That paragraph tells us as much about Charles Schaal as it does about his next project, "The History of the St.Croix Railroad."

The author, following 35 years in church ministry, is the supervising adjuster in Southeast Minnesota for GAB Robins, N.A. Often asked if the two career tracks clash, he says, "Ministry is about people and interpreting their needs in relation to a set of non-negotiable principles. Insurance adjusting seeks to meet the needs of people by interpreting the pre-negotiated rules. Both are about people, needs and interpretation. There always is a story. Each person needs to tell and understand their story to answer the questions of personal significance."

Charles is a resident of Rochester, Mn. He and his wife of 35 years, Viki Robertson Schaal, are both native Texans and have two married daughters, Tonia Schaal Montgomery and Melanie Schaal Bersano, and five grandchildren. Charles believes the strength of a family is tested in its ability to stretch and twist without breaking. "We faced life together these last 35 years. Whether it involved career decisions, health challenges or moving 900 miles from home, this was a family journey. Our stories can't be told without hearing the others."

Charles' education track includes Bay City High School, Wharton County Junior College where he was Student Body President, Houston Baptist College and Midwestern Baptist Theological Seminary, Kansas City, MO. The fields of study included music, ministry and education.

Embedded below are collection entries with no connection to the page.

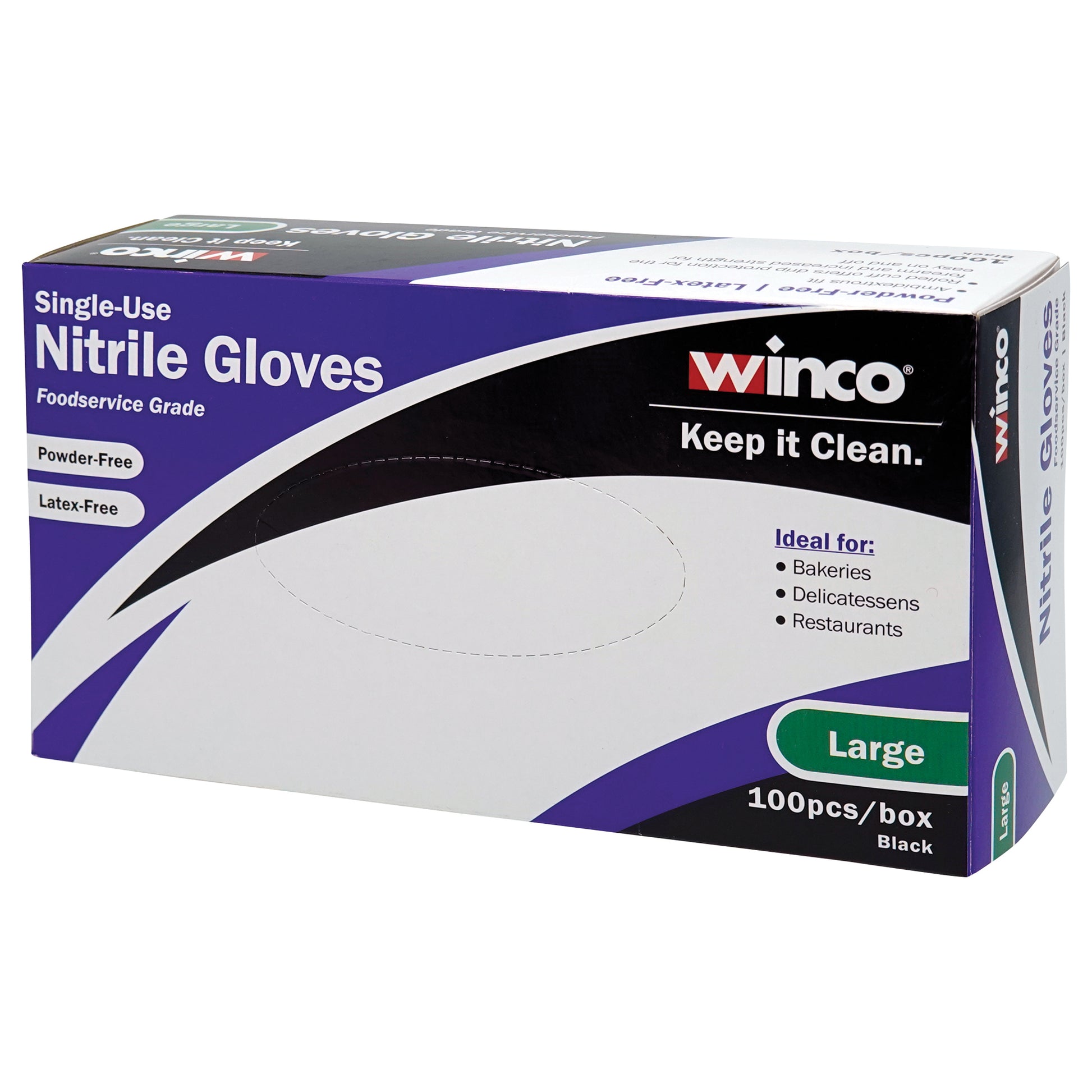 Winco GLN-LB Nitrile Disposable Gloves L Powder-Free Black 3Mil - 100 Count
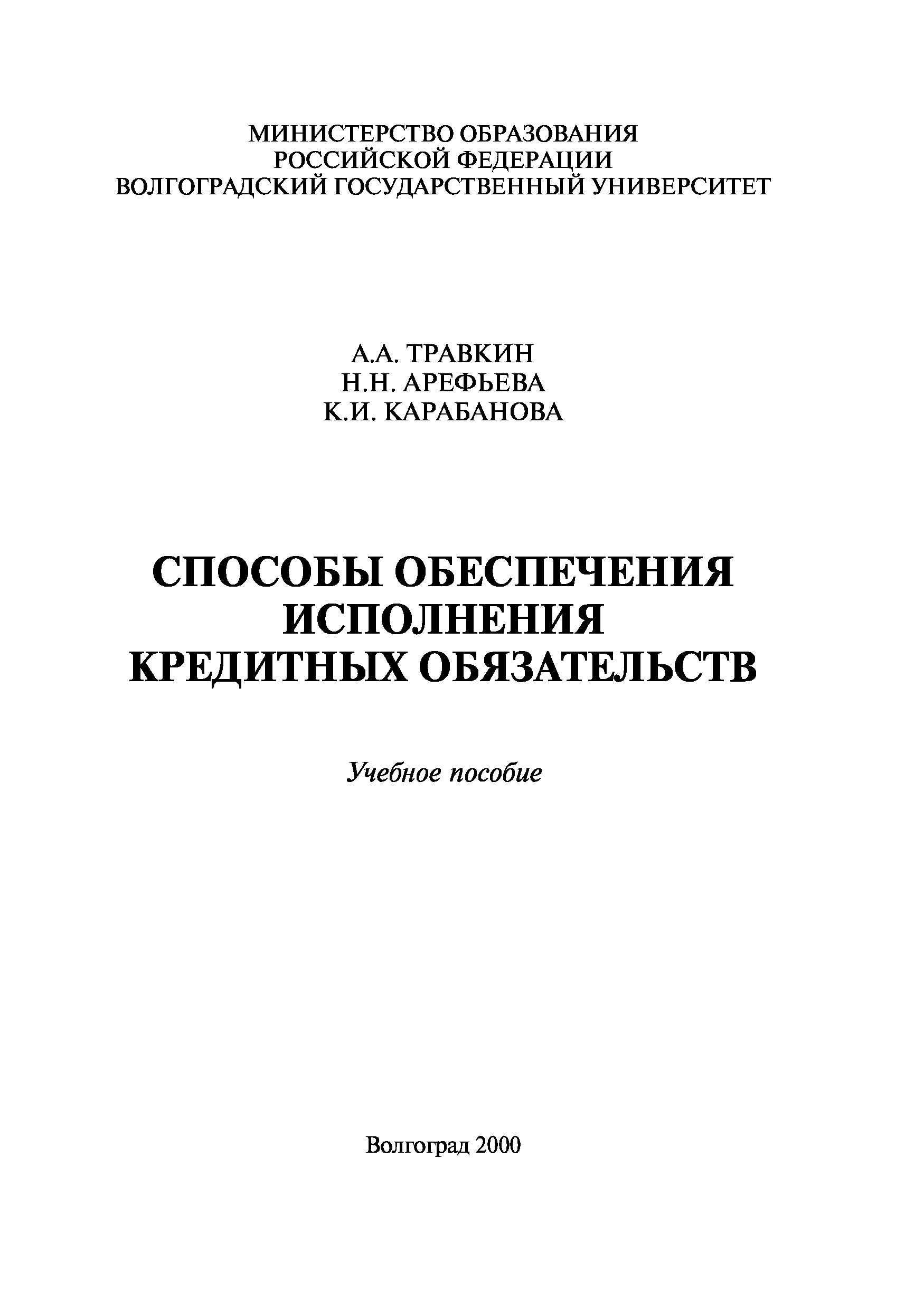 "Способы обеспечения исполнения кредитных обязательств. Учебн. пособ" - читать интересную книгу автора (Травкин А.А., Арефьева Н.Н., Карабанова К.И.)
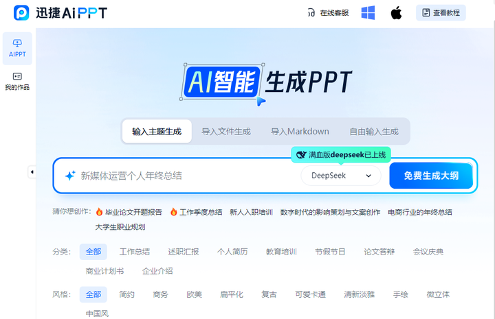 除了它,其实还有许多优秀的工具,我们也不必一味批评,应该取长补短。例如,对于打工人非常实用的PPT,我们可以使用迅捷AiPPT,只需给定主题,它就能迅速生成完整的PPT,且效果比我们亲自制作的还要精致,操作简单便捷。
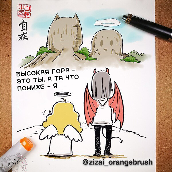 Я продолжаю восстанавливать события в группе в ВК, а точнее публиковать перевод комиксов от Цзы Цзай в том порядке, в котором его публиковал сам автор. Потому, сейчас довольно часто встречаются переводы старых комиксов и на Дзен, так как я довольно много всего пропустила. Но, уверяю, что это очень интересные и приятные комиксы, которые не оставят вас равнодушными. Так же, я стараюсь чередовать старые комиксы и новые, чтобы вы видели, как изменилась рисовка, и что автор продолжает совершенствоваться. Не знаю как вас, но меня видеть подобные улучшения очень мотивирует. Я и сама купила себе тут графический планшет, с целью наконец-то рисовать не только на бумаге, но и на цифре. Тем более, что мне уже давно хочется нарисовать (или хотя бы попробовать) собственные комиксы. Так что, надеюсь, скоро будет премьера. Скажите, а вы хотели бы посмотреть, какие комиксы я смогу нарисовать? А пока их нет, полюбуемся на любимых Демоненка и Ангелочка: Еще графический планшет нужен мне для того, чтоб
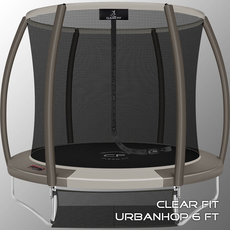 В 2026 году представлена обновленная линейка с улучшенной конструкцией каркаса. Усиление достигнуто за счет использования прочных Т-образных кронштейнов из металла толщиной 1.9 мм. Кроме того, в комплектацию добавлен карман для обуви. Каркасный батут с защитной сеткой Clear Fit серии UrbanHop — отличаются комфортом и надежностью. Надежная рама из качественных комплектующих, прочная защитная сеть снабжена прямым креплением к прыжковому полотну и дополнительной защитой входа, наверху каркасное жесткое крепление, сеть не провисает и не слетает во время тренировок. Увлекательный, полезный и безопасный тренажер для всей семьи. Батуты серии UrbanHop 6Ft и 8Ft поставляются в оптимальной для комфорта и безопасности комплектации: батут, верхняя защитная сеть, защитный мат и карман для обуви. Размер батута 6 футов с прыжковой поверхностью 1.42 м и его легко разместить на небольшом участке, он подойдет для детских игр и для тренировок. Верхняя защитная сеть оберегает от падений, усиленная молния и дополнительная защита входа уберегут малышей от случайного входа или падения. Надежный каркас из гальванизированной стали, качественные комплектующие и погодостойкие метизы рамы делают батут безопасным, устойчивым, надежным, гарантируют полную защиту от коррозии и долгий срок службы. Максимальный вес пользователя батута UrbanHop 6Ft — до 130 кг.
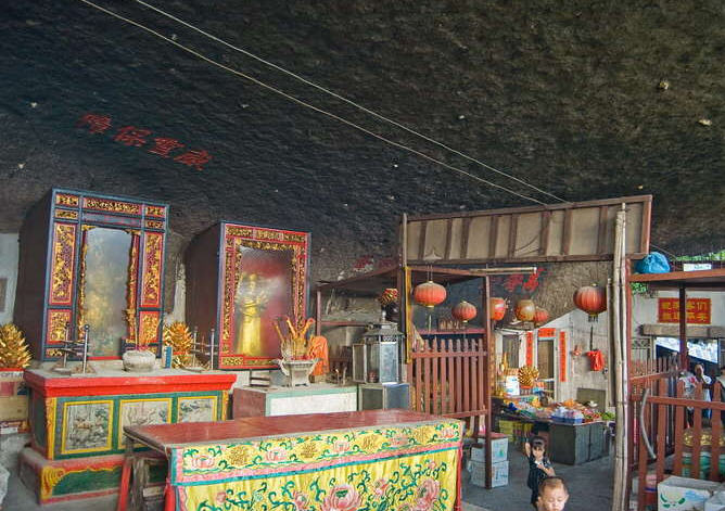 全定约600平方米,分为3个部分。刚进,石刻“万历四十八年(1620)潮州知府贾口口助银所修”。立有两大金刚像,旁有韦陀菩萨立像。过之,是大雄宝殿,主奉释迦牟尼佛,两旁十八罗汉金身。顶部石板,刻着青色的“威灵保障”四个大字楷书。下摆着一大香炉石床。再进之,有一尊在底层原石上雕刻而成巨大的弥勒佛坐像,非常惹人注目,它高2.55米,宽4.15米,右侧卧,右手倚着布袋,左手叠放在立起的左膝盖上,它可能凿造于南宋至元初,在中国石窟的大肚弥勒造像中年代较早,有很高的文物价值。大佛前置一大石香炉,刻“天古斗”三字。炉下石床右侧刻着“福生甘露地,寿齐玉简天”,左刻着“(明)万历丙辰年(1616)冬吉旦立”。

His writing career includes numerous published articles in newspapers. Among these was a syndicated column carried by small Mid-Missouri newspapers while pastor at the Rothville Baptist Church, Rothville, MO. Writing for newspapers kept Charles in touch with people and their passions. "The people of South Texas and Mid-Missouri are not unlike their neighbors in the upper midwest. They are strong, proud and optimistic. They have a firm hope in the future. The welfare of their family is a primary goal."

When asked why writing continues to be his passion, he said, "I enjoy writing about people and their dreams. I love hearing how, against all odds, they overcame all that opposed them. I am fascinated to know how they changed and what stayed the same. I want to tell those stories. They make up the fabric of who we are as a family, community and nation."